**Work order**
Copy the data precisely, character for character, and leave out every picture.
··· Given data
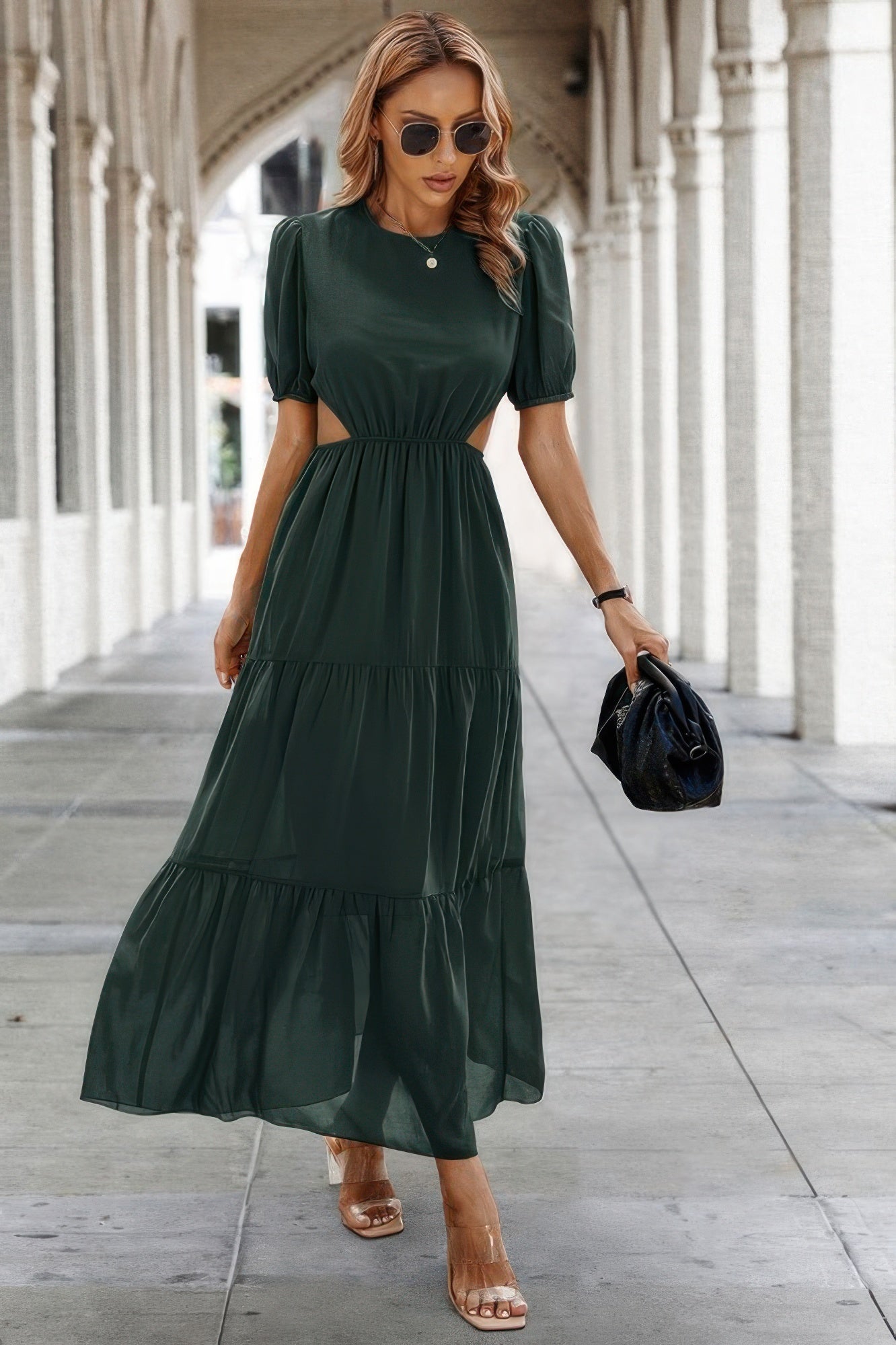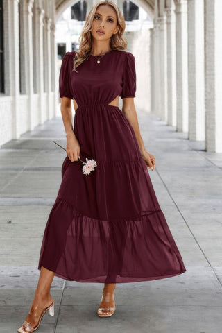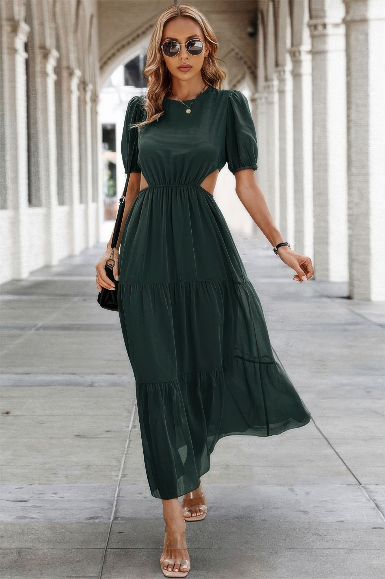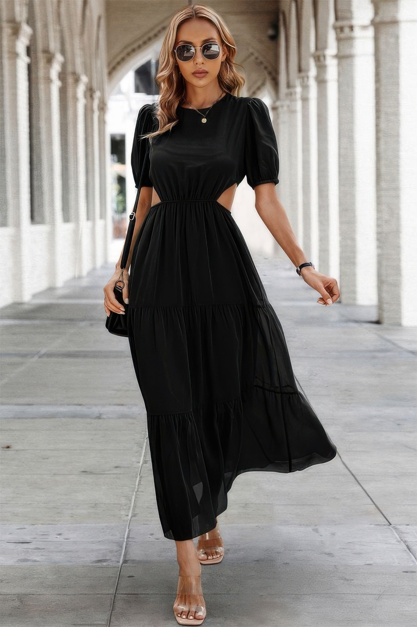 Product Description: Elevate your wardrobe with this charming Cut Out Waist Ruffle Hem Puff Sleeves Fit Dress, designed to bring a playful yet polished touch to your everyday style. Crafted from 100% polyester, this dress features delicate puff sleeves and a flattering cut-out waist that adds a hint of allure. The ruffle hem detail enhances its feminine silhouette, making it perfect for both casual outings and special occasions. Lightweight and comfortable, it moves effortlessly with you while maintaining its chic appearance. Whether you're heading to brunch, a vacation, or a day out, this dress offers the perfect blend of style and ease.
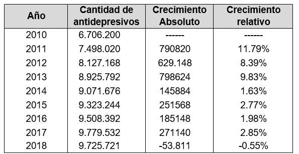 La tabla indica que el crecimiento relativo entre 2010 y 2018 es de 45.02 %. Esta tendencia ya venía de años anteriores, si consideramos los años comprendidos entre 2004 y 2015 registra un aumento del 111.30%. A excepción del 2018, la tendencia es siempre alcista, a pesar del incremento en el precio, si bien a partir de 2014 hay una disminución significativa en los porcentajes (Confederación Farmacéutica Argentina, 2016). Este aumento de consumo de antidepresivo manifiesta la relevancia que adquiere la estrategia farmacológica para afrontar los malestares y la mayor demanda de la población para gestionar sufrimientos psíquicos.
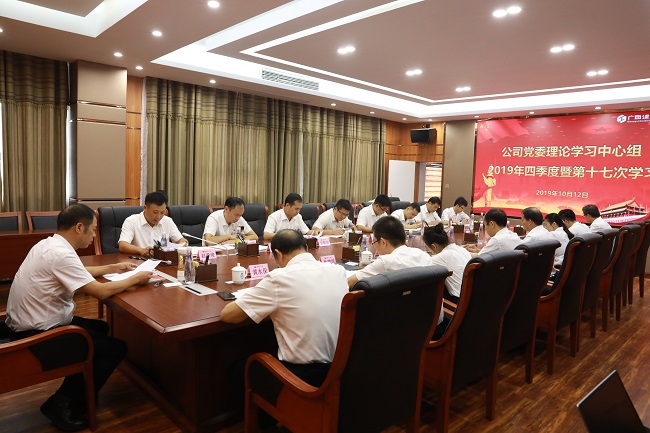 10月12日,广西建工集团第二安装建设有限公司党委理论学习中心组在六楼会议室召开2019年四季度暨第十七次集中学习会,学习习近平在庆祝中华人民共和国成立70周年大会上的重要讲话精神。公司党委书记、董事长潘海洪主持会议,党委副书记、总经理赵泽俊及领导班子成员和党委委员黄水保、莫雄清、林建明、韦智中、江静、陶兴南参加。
······
**Response**
 Product Description: Elevate your wardrobe with this charming Cut Out Waist Ruffle Hem Puff Sleeves Fit Dress, designed to bring a playful yet polished touch to your everyday style. Crafted from 100% polyester, this dress features delicate puff sleeves and a flattering cut-out waist that adds a hint of allure. The ruffle hem detail enhances its feminine silhouette, making it perfect for both casual outings and special occasions. Lightweight and comfortable, it moves effortlessly with you while maintaining its chic appearance. Whether you're heading to brunch, a vacation, or a day out, this dress offers the perfect blend of style and ease.
 La tabla indica que el crecimiento relativo entre 2010 y 2018 es de 45.02 %. Esta tendencia ya venía de años anteriores, si consideramos los años comprendidos entre 2004 y 2015 registra un aumento del 111.30%. A excepción del 2018, la tendencia es siempre alcista, a pesar del incremento en el precio, si bien a partir de 2014 hay una disminución significativa en los porcentajes (Confederación Farmacéutica Argentina, 2016). Este aumento de consumo de antidepresivo manifiesta la relevancia que adquiere la estrategia farmacológica para afrontar los malestares y la mayor demanda de la población para gestionar sufrimientos psíquicos.
 10月12日,广西建工集团第二安装建设有限公司党委理论学习中心组在六楼会议室召开2019年四季度暨第十七次集中学习会,学习习近平在庆祝中华人民共和国成立70周年大会上的重要讲话精神。公司党委书记、董事长潘海洪主持会议,党委副书记、总经理赵泽俊及领导班子成员和党委委员黄水保、莫雄清、林建明、韦智中、江静、陶兴南参加。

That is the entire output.